Artificial Intelligence thread

Eventine · Jun 8, 2026

iewgnem said:
This again? The bench that claims DS cost $4 for 50k tokens? Yeah we know western models are desperate to keep their scam up, but they could use more effort when faking their benches.

Or maybe they used their own models to fake the bench, which would make it even more ironic.

Please, Log in or Register to view URLs content!

You should read the update, he made a mistake in his evaluation of the benchmark. Deep Seek is unlikely to be much better than 10%. It is a fact that Western frontier models are superior on difficult tasks from a raw capability perspective; the question is whether the costs of running them are worth the value being delivered as the vast majority of productivity gains aren’t from the hardest problems & productivity gains don’t necessarily translate to higher $$$ either in the software industry.

There is an impending crisis in the agentic AI industry, but it is not because Chinese frontier models are challenging Western frontier models on raw capability.
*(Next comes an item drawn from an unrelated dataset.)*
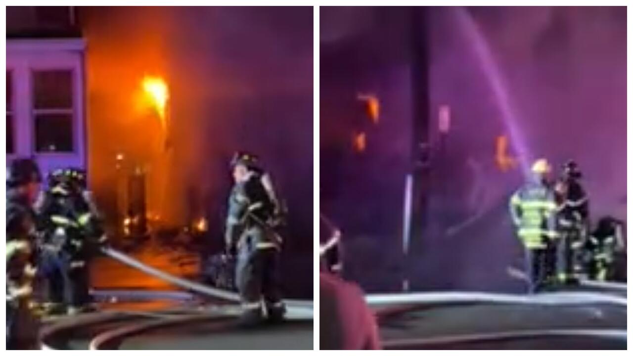 The blaze broke out around 10:50 p.m. in the 1200 block of North Olden Avenue, prompting several 911 calls reporting flames and possible trapped individuals inside one of the homes.

It is because Western hyper scalers and their investors are being absolutely taken for a ride by hardware makers, and the return on value on raw capability is rapidly diminishing. Expect to see a shift, soon, to more "efficient" and "cost effective" models on the Western side, as well; then we will see if China can truly squeeze them out of the game.

iewgnem · Jun 8, 2026

Eventine said:
You should read the update, he made a mistake in his evaluation of the benchmark. Deep Seek is unlikely to be much better than 10%. It is a fact that Western frontier models are superior on difficult tasks from a raw capability perspective; the question is whether the costs of running them are worth the value being delivered as the vast majority of productivity gains aren’t from the hardest problems & productivity gains don’t necessarily translate to higher $$$ either in the software industry.

There is an impending crisis in the agentic AI industry, but it is not because Chinese frontier models are challenging Western frontier models on raw capability. It is because Western hyper scalers and their investors are being absolutely taken for a ride by hardware makers, and the return on value on raw capability is rapidly diminishing. Expect to see a shift, soon, to more "efficient" and "cost effective" models on the Western side, as well; then we will see if China can truly squeeze them out of the game.

The update does not change the fact the bench set thinking level to null and faked pricing metric, which discredit the entire exercise.

I won't argue DS isn't the most capable model, I use Kimi when that's needed.

But the idea that western models are more capable on "difficult tasks" is an entirely made up scenario, because the nature of "difficult tasks" (which are mostly just one-shot tasks), is that by being difficult it's also difficult to manually fix or check, which means anything short of 100% success rate become practically useless, and they're not at 100% success.

Actual ability to solve difficult tasks require the ability to do things step by step, iterate, test, use tools and fix problems, all of which western model are inferior in at constant budget.

I know this directly because I do use them to solve difficult tasks involving large systems and I've been able to do so far better than if I were still capped by Claude usage.

The inability to actually solve difficult tasks outside of bench where you can immediately evaluate outcome and all you care is a % success is why western models are failing in enterprise use.

HighGround · Jun 8, 2026

Eventine said:
There is an impending crisis in the agentic AI industry, but it is not because Chinese frontier models are challenging Western frontier models on raw capability. It is because Western hyper scalers and their investors are being absolutely taken for a ride by hardware makers, and the return on value on raw capability is rapidly diminishing. Expect to see a shift, soon, to more "efficient" and "cost effective" models on the Western side, as well; then we will see if China can truly squeeze them out of the game.

Nobody is forcing them to pay these exorbitant prices. Fact of the matter is, Western AI labs wanted more compute, as opposed to learning to do more with less. Which is fine, but that's what begets a bidding war. The underlying evil is that it's not even their money. Anthropic, OpenAI, Meta, and xAI all decided to pour gasoline on the pile of cash gifted to them by investors, all in the hopes of reaching the mythical AGI point that will, somehow, deliver them to the money printer.

At least Meta uses its own money, but the others all spend other people's money. Note the Google, Amazon, and Microsoft were all much more conservative and were actively pursuing cost reduction.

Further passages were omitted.